Junto com seu pai e sua mãe, que ainda está em atividade intelectual, eles conversaram sobre a preocupação de resguardar um legado, não apenas físico — como a biblioteca do casal —, “mas de resguardar a preocupação pública e prática”. Segundo ela, o instituto entende que cultura tem um componente prático: “cultura em seu sentido mais amplo, de conhecimento e expressão artística, patrimônio de um povo e uma comunidade”. “A cultura tem um poder fenomenal de capacitar seres humanos”, acrescenta. “Algo que a própria Lei Rouanet resguarda. Ela é ao mesmo tempo um manifesto iluminista, um documento que protege e resguarda tanto o particular quanto o universal. Essa é a missão do Instituto, através de ações e parcerias como esse colóquio, repensar um pouco os contextos sociais, políticos e históricos em que vivemos. Devemos aproveitar aquilo que o iluminismo tem de positivo, defender causas democráticas como igualdade social. O legado iluminista não precisa ser o legado do século XVII enraizado no tempo e no espaço; existem ideais que nós podemos resguardar, repensar e recontextualizar.” Segundo Adriana, a igualdade de gênero e de raça são questões nas quais ela particularmente se empenha, por isso a parceria com o evento que está se dando ao mesmo tempo com o II Vozes Negras na Filosofia.
Psicanálise e Filosofia
A primeira mesa de debates após a abertura do evento foi sobre “Psicanálise, Recepção e Iluminismo”, com moderação da psicanalista e doutoranda Danielle Barbosa (IEL), composta pelos professores Marco Heleno Barreto da Faculdade Jesuíta de Filosofia e Teologia (Faje) e Richard Symanke da Universidade Federal de Juiz de Fora (UFJF).

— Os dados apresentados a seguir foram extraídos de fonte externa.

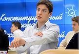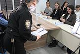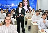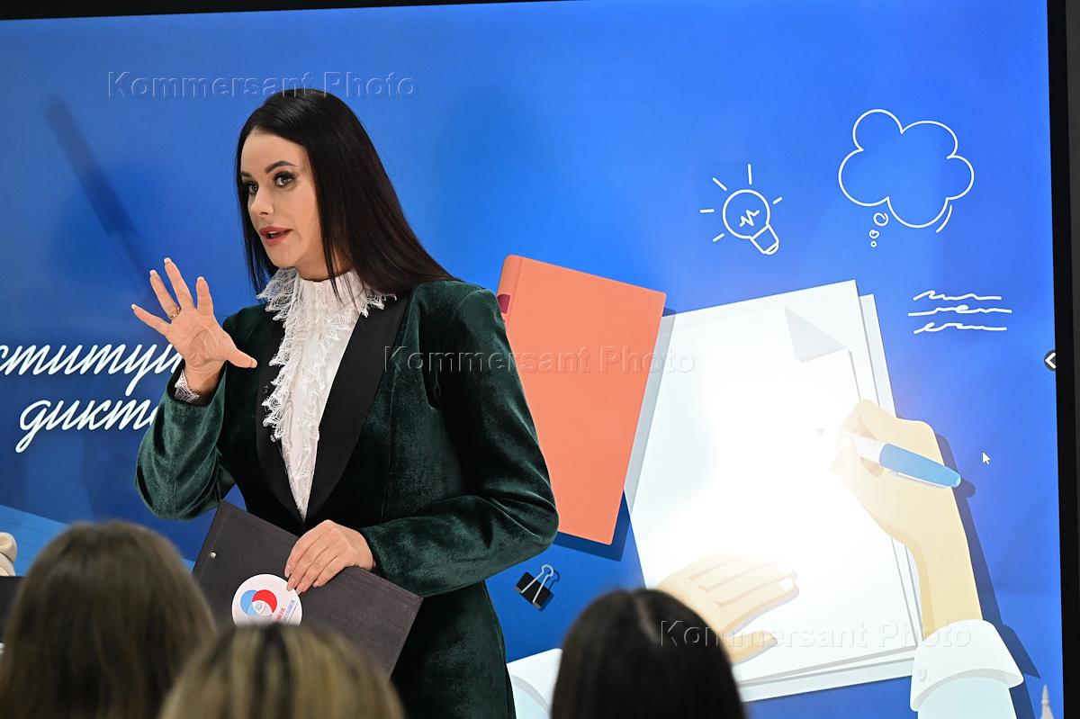 Первый очный диктант на знание Конституции России среди школьников, организованный Российским движением школьников, в Государственном бюджетном общеобразовательном учреждении города Москвы "Школа № 1231 имени В.Д. Поленова". Президент благотворительного фонда "Спешите делать добро", телеведущая Оксана Федорова во время диктанта.
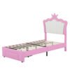 2 reviews for Twin Size Upholstered Bed Frame with LED Lights, Modern Upholstered Princess Bed with Crown Headboard, a Drawer, Pink+White
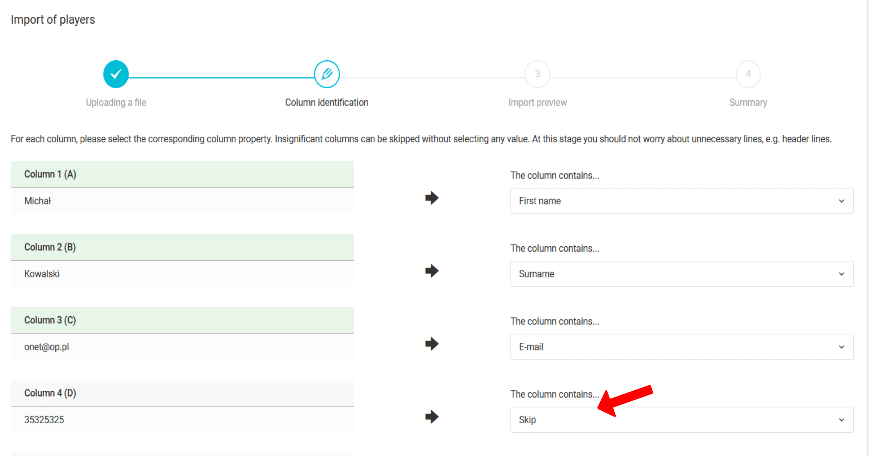 Após fazer o upload do arquivo para o sistema, você precisa passar pelo processo de identificação das colunas. Ele consiste em atribuir o tipo de dado apropriado ao elemento localizado em cada coluna. Na imagem, você já identificou as colunas com seu nome, sobrenome e endereço de e-mail. O número de telefone é usado para identificação, então você precisa selecionar a opção "telefone" na lista suspensa. Na próxima etapa, você decidirá se deseja gerar um login e senha para as contas criadas e se deseja criar contas de responsáveis.
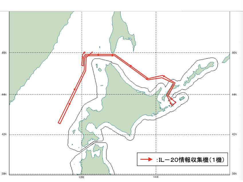 10月25日午後、ロシア軍情報収集機Il=20がシベリアから飛来、ICBM探知用の長距離レーダーが配備してある京都府経ヶ崎沖に接近したのち反転してシベリアに向け立ち去った。
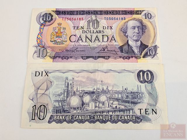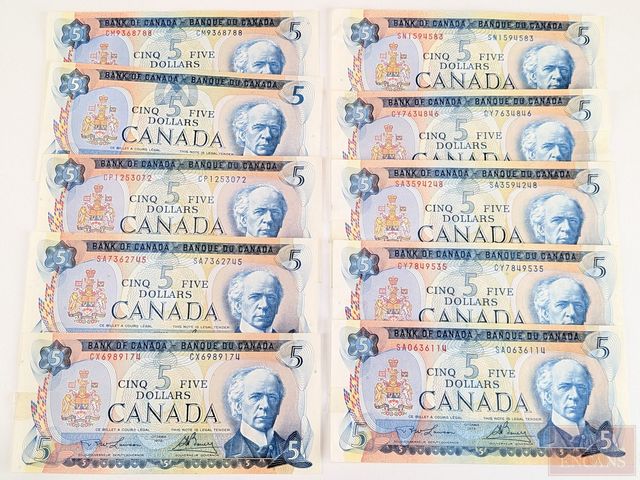 Lot de billets canadiens comprenant dix billets de cinq dollars 1972 et deux billets de dix dollars 1971

Para Barreto, o debate sobre iluminismo é fundamental “dentro de uma época que é anti-iluminista”. Recuperar ideais “perdidos ou mal interpretados do Iluminismo” e celebrar um pensador brasileiro da estatura de Sérgio Rouanet são importantes iniciativas do colóquio, porque permitem que a reflexão chegue mais perto da sociedade. “Não podemos ter muita expectativa quanto ao impacto imediato, mas o importante é não deixar apagar uma chama valiosa de reflexão e de diagnóstico do nosso tempo”.
O professor Symanke destacou o perfil raro de Sérgio Paulo Rouanet dentro da intelectualidade brasileira, de um intelectual que participa ativamente da vida pública, “não só com cargos do governo, mas na disseminação do conhecimento, escrevendo na imprensa, participando de eventos em diversos setores, como psicanálise, literatura, filosofia, artes”. Segundo o professor, Rouanet primava pelo exemplo de como tornar um pensamento intelectual mais acessível a um público mais amplo, “de maneira que as ideias possam ter uma repercussão social”. Outra importante iniciativa do colóquio, disse Symanke, é discutir a produção filosófica nacional.